In the comments, people pointed out the importance of earning power, especially in light of the staggering expense of a college education.

Believe me, I get that.

Nothing I wrote was intended to justify the increasing costs of a university education and the resulting sky-high levels of student debt. Indeed, to the extent that we are pricing education out of the reach of many, we are sabotaging the educational mission I was defending.

Student debt is not only a huge problem for recent graduates; it is dragging down the economy. As Matt Impink and I wrote in an article for the Chronicle of Higher Education,

Student debt constrains individual decision-making in a number of ways, and its growth affects the entire economy. For example, people paying back student loans are less likely to start businesses. Considering that 60 percent of new private-­sector jobs are created by small businesses, diminishing the ability to create businesses does considerable harm to the economy.

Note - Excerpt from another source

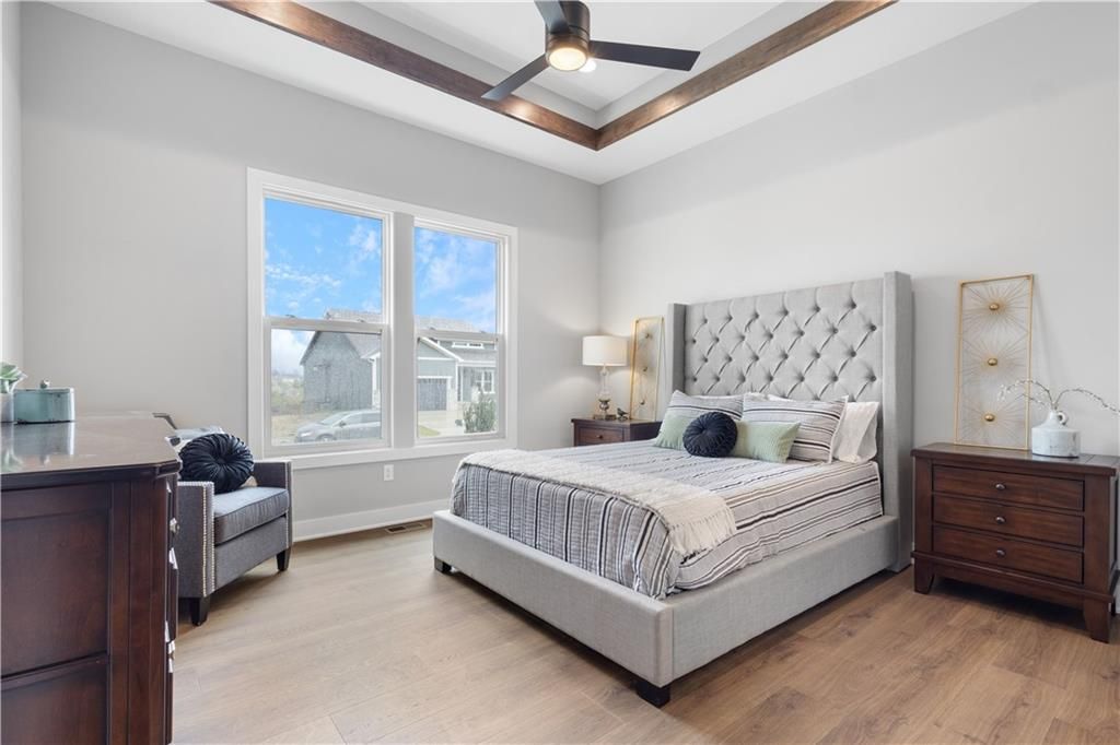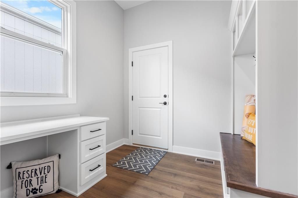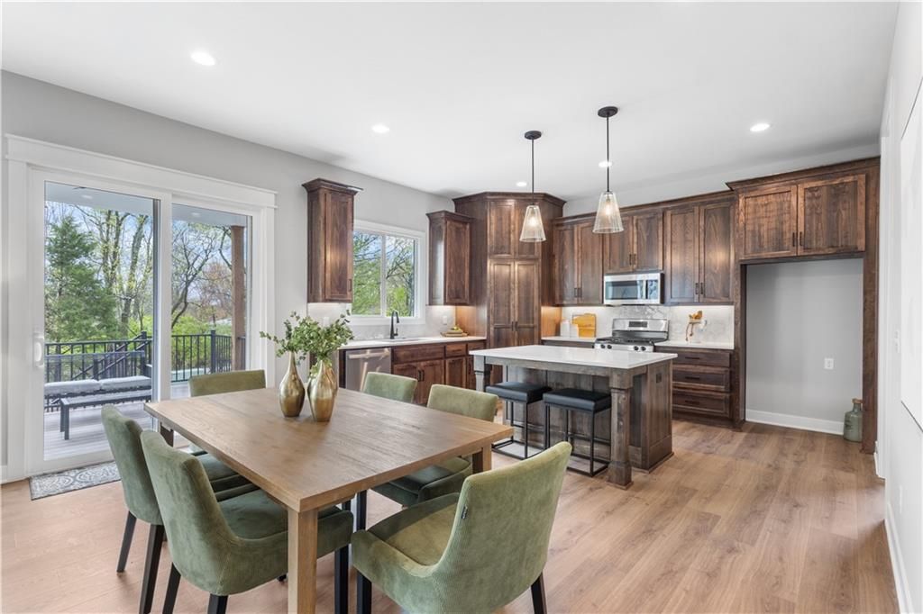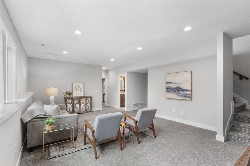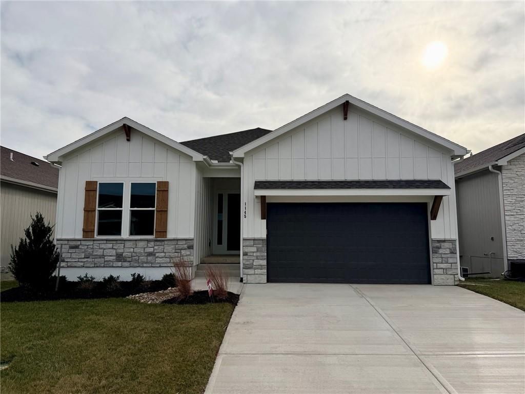 Back on Market, NO fault of Seller. This home is Move in Ready and priced well below reproduction! Hard to find Reverse 1.5 Story under $500k AND situated on a daylight lot backing to trees. Better Hurry!! NO BACKYARD NEIGHBORS. The gorgeous Danbury floorplan by Inspired Homes is a MUST SEE. Affordable, high quality main floor living at its finest featuring 10ft ceilings throughout main floor, a wide-open living area that overlooks your large, covered deck with stairs to a lower patio! Kitchen features custom cabinetry, walk-in corner pantry, extended kitchen island, upgraded appliances and quartz & granite countertops! Main floor primary bedroom/bathroom suite has trayed ceiling, spacious shower and large walk-in closet. Owner's entry features custom, built-in desk and boot bench. Main floor laundry located right off the owner's entry. Your finished lower level includes 2 large bedrooms, plus full bathroom, spacious rec room and large unfinished space perfect for storage. Extended garage bays give you ample space for cars plus more. This home is situated in the quiet, picturesque neighborhood of Kensington Farm, surrounded by mature trees, in Cass County with a Lee's Summit address. Plenty of designer features to enjoy including large custom windows that flood the home with natural light, custom cabinetry, popular Rev Wood flooring, GE appliances with gas range, tiled shower in Master bath and mud room/boot bench area with built-in desk. Irrigation system + garage door openers included!
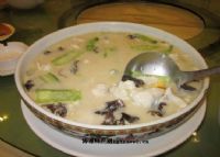 五彩鱼片羹采用新鲜鱼片并佐以野生黑木耳、银杏、南瓜、丝瓜等配菜,经过精心熬制后,做出鲜甜浓白的鱼汤,因配菜五颜六色,故整个菜的出品可为是色香味俱全。

Debt loads also affect overall consumption. According to research by the Federal Reserve Bank of New York, fewer 30-year-olds in general have bought homes since the recession, but the decline has been steeper for people with a history of student-loan debt and has continued even as the housing market has recovered. In an economy that depends upon the ability and willingness of consumers to purchase homes, furniture, automobiles, and other goods, a debt load that effectively precludes such purchases poses a real problem.

The Consumer Financial Protection Bureau has found that three-quarters of the overall shortfall in household formation can be attributed to younger adults, ages 18 to 34. In 2011, 1.3 million more Americans in this age group lived with their parents than in 2007. Although it is impossible to determine the relative contribution of student-loan debt and the economic downturn to that phenomenon, student debt is clearly implicated. Any program that reduces the need to borrow can only improve the situation.

According to a report from Zillow, the relatively few millennials who are thriving economically are the ones whose parents are able to subsidize college tuition or a down payment on a home. Help with education and buying a home were the two primary ways in which the original GI Bill created upward social mobility. Estimates are that each new household leads to $145,000 of economic impact. If student debt is keeping just a third of those two million young Americans from living on their own — a reasonable, if undocumented, assumption — that adds up to a $100-billion loss or delay in economic activity.

Student debt is an enormous issue for the country. The Democratic presidential candidates have all addressed it; Senator Elizabeth Warren has proposed measures to ameliorate it.

If any of the Republican presidential candidates have paused their attacks on immigrants, reproductive choice and various kinds of “losers” in order to address student debt levels and their impact on either young people or the economy, I’ve missed it.